Data to use:
= Beginning of Section =

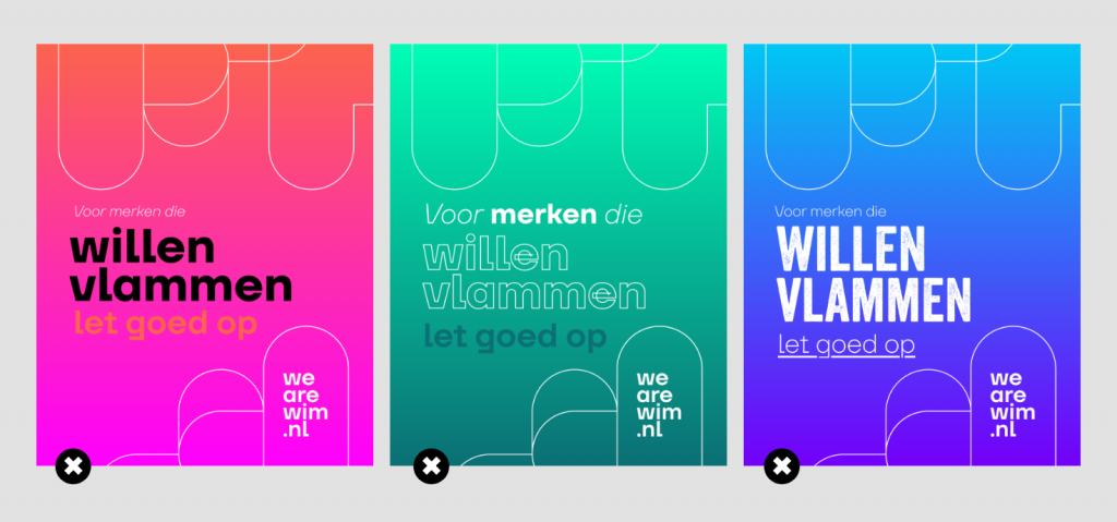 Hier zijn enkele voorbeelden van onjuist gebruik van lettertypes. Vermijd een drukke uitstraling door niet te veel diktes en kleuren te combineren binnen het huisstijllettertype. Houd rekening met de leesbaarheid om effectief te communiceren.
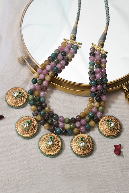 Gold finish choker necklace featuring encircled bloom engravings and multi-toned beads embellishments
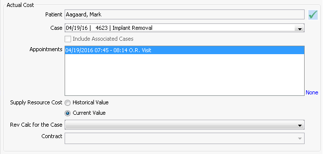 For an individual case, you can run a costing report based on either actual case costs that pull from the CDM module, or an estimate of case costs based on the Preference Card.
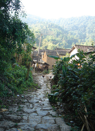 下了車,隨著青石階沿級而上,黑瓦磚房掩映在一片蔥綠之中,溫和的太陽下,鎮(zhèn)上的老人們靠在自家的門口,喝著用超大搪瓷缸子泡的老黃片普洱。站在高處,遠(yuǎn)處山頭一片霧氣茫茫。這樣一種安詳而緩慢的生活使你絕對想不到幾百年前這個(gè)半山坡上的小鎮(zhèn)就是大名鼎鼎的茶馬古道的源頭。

= End of Section =
= Beginning of Section =

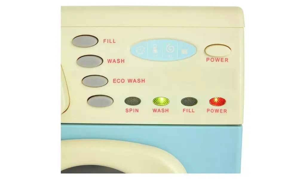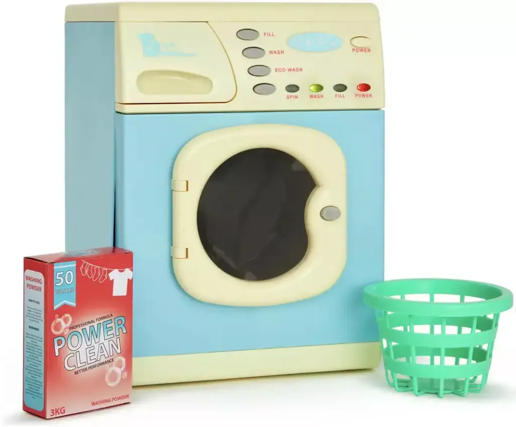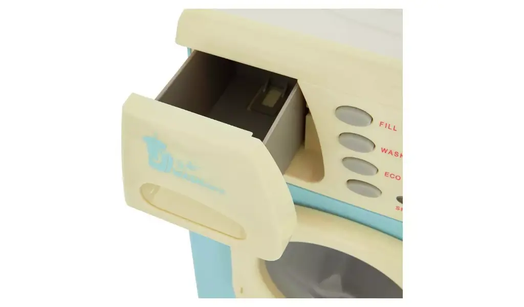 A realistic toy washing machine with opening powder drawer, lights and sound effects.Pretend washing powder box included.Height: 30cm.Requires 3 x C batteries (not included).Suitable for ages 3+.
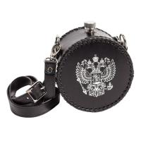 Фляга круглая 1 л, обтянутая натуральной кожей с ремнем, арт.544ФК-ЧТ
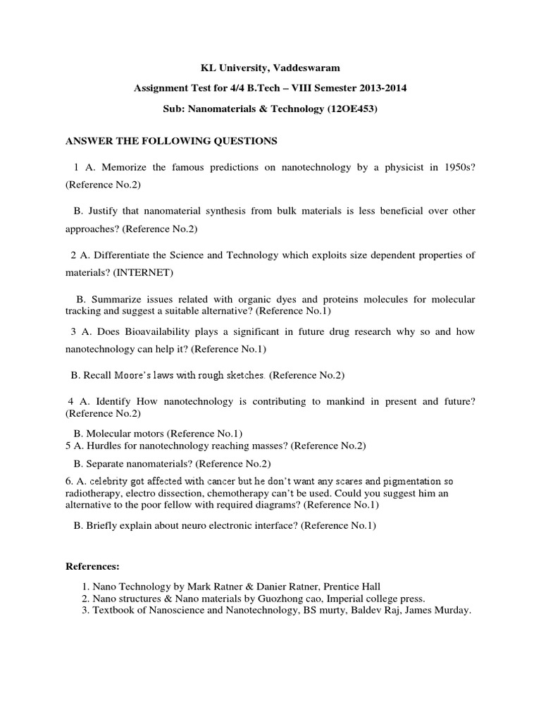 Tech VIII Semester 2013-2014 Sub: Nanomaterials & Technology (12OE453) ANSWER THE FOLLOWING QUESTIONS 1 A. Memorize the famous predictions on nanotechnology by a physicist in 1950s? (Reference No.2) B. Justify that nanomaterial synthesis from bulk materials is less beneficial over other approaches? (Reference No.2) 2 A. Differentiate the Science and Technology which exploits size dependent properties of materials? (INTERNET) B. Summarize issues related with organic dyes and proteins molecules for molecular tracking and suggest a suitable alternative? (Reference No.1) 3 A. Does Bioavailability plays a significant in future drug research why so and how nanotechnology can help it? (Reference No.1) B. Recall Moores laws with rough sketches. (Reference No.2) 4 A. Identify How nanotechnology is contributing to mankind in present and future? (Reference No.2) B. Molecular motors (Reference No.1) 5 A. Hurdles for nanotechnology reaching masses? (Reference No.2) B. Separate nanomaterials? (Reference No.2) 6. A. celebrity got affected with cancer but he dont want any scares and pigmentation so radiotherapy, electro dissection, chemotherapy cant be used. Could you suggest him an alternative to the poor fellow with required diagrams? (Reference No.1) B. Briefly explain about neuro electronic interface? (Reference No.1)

= End of Section =
= Beginning of Section =

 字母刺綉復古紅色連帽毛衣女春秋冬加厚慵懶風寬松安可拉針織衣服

= End of Section =

The problem: For the entries above, print exactly the lines between the one with "Hier zijn enkele" and the one with "下了車,隨著青石階沿級而上,黑瓦磚房掩映", inclusive, with no pictures.

Response box:
 Hier zijn enkele voorbeelden van onjuist gebruik van lettertypes. Vermijd een drukke uitstraling door niet te veel diktes en kleuren te combineren binnen het huisstijllettertype. Houd rekening met de leesbaarheid om effectief te communiceren.
 Gold finish choker necklace featuring encircled bloom engravings and multi-toned beads embellishments
 For an individual case, you can run a costing report based on either actual case costs that pull from the CDM module, or an estimate of case costs based on the Preference Card.
 下了車,隨著青石階沿級而上,黑瓦磚房掩映在一片蔥綠之中,溫和的太陽下,鎮(zhèn)上的老人們靠在自家的門口,喝著用超大搪瓷缸子泡的老黃片普洱。站在高處,遠(yuǎn)處山頭一片霧氣茫茫。這樣一種安詳而緩慢的生活使你絕對想不到幾百年前這個(gè)半山坡上的小鎮(zhèn)就是大名鼎鼎的茶馬古道的源頭。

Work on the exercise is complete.